GOAL OF THE EXERCISE: Filter these entries so that only lines with the word "silver" remain.
******
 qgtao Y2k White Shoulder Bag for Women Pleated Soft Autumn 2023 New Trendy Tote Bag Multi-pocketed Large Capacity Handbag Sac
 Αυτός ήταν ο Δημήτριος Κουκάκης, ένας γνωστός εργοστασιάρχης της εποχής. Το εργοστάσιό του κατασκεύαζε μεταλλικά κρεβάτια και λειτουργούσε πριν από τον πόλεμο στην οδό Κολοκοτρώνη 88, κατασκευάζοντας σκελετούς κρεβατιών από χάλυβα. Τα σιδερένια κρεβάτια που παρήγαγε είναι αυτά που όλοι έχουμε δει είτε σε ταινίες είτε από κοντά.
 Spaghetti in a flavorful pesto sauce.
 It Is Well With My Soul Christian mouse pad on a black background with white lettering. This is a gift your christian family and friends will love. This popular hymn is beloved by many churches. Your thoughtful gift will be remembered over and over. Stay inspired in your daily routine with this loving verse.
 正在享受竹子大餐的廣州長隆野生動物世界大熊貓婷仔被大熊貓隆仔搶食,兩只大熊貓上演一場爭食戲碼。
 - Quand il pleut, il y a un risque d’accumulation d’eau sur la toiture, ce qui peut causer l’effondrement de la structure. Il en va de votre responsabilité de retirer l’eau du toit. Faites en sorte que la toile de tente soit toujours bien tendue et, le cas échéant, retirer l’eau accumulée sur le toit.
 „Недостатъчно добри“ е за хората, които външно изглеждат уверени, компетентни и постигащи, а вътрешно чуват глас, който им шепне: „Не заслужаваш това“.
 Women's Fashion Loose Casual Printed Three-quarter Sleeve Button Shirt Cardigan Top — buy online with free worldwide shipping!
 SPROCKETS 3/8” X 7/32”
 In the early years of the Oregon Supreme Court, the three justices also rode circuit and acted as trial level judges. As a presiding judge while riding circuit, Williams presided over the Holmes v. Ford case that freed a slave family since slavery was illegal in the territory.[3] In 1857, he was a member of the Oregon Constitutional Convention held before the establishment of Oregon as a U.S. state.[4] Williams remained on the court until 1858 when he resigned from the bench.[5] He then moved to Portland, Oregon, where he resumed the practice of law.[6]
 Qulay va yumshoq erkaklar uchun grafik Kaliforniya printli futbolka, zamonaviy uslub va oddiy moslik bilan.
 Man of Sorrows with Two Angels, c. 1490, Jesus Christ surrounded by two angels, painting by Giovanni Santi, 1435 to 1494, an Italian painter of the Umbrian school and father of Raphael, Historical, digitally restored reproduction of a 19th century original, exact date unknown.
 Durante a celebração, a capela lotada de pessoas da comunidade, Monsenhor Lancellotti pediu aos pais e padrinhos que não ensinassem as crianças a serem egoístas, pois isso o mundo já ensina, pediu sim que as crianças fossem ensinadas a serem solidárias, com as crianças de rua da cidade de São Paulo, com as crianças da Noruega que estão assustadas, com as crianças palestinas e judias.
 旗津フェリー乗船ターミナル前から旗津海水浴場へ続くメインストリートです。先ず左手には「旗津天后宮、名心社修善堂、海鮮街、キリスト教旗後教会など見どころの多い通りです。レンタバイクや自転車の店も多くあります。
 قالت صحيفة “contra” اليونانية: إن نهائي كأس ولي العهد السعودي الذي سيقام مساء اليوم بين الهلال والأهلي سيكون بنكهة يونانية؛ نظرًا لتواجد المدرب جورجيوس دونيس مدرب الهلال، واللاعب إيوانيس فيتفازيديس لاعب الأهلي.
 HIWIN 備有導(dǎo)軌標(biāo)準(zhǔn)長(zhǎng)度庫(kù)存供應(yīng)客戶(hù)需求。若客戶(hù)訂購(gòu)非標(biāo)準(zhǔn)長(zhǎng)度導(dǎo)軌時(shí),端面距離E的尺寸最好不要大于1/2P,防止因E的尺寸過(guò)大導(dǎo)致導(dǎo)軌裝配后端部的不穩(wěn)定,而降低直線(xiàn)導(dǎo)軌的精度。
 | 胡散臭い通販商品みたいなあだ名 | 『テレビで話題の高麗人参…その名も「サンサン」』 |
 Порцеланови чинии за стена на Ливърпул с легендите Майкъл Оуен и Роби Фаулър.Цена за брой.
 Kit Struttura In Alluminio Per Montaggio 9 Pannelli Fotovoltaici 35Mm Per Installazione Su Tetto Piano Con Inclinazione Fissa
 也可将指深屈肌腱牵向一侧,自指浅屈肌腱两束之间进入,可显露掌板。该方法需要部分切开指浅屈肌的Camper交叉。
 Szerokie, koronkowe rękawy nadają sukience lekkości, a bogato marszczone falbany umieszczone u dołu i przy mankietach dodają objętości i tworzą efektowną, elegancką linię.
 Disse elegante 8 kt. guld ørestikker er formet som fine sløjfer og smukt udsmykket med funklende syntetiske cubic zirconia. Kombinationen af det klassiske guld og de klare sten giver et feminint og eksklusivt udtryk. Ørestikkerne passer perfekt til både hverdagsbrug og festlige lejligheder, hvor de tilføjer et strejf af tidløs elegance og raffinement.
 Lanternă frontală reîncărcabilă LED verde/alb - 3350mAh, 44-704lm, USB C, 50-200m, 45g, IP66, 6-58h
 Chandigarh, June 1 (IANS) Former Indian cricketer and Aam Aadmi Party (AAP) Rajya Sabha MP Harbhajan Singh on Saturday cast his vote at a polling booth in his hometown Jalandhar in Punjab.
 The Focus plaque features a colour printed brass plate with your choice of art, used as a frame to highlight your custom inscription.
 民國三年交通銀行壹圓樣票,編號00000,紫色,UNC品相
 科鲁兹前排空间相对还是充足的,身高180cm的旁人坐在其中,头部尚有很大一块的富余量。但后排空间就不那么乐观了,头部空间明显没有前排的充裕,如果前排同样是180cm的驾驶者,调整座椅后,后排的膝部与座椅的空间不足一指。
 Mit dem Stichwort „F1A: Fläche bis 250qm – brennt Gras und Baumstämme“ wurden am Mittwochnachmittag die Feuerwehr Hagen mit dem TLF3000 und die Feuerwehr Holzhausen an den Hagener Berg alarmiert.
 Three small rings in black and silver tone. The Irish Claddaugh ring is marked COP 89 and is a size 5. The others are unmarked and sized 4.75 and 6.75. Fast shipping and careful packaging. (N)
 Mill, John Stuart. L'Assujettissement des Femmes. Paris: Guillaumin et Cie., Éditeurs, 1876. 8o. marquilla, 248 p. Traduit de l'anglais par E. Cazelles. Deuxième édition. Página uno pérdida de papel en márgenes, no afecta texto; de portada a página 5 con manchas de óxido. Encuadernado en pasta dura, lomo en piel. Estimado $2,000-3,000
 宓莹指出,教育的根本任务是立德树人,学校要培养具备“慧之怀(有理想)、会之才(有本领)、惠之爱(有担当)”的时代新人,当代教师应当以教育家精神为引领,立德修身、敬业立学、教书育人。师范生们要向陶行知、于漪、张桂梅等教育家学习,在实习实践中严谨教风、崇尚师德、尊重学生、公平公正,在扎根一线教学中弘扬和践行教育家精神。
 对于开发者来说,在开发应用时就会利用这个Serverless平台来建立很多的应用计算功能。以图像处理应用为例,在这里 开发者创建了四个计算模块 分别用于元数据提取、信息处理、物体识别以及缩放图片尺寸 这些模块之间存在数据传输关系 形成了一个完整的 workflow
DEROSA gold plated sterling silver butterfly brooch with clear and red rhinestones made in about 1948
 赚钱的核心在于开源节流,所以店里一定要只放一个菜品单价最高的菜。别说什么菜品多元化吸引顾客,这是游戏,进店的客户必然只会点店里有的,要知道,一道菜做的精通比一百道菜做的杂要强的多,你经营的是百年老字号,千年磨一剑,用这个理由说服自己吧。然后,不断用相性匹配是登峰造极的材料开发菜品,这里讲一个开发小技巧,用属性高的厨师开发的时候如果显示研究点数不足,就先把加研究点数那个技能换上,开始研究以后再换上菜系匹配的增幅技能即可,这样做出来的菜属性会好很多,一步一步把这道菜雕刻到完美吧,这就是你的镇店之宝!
******
ANSWER:
 Three small rings in black and silver tone. The Irish Claddaugh ring is marked COP 89 and is a size 5. The others are unmarked and sized 4.75 and 6.75. Fast shipping and careful packaging. (N)
DEROSA gold plated sterling silver butterfly brooch with clear and red rhinestones made in about 1948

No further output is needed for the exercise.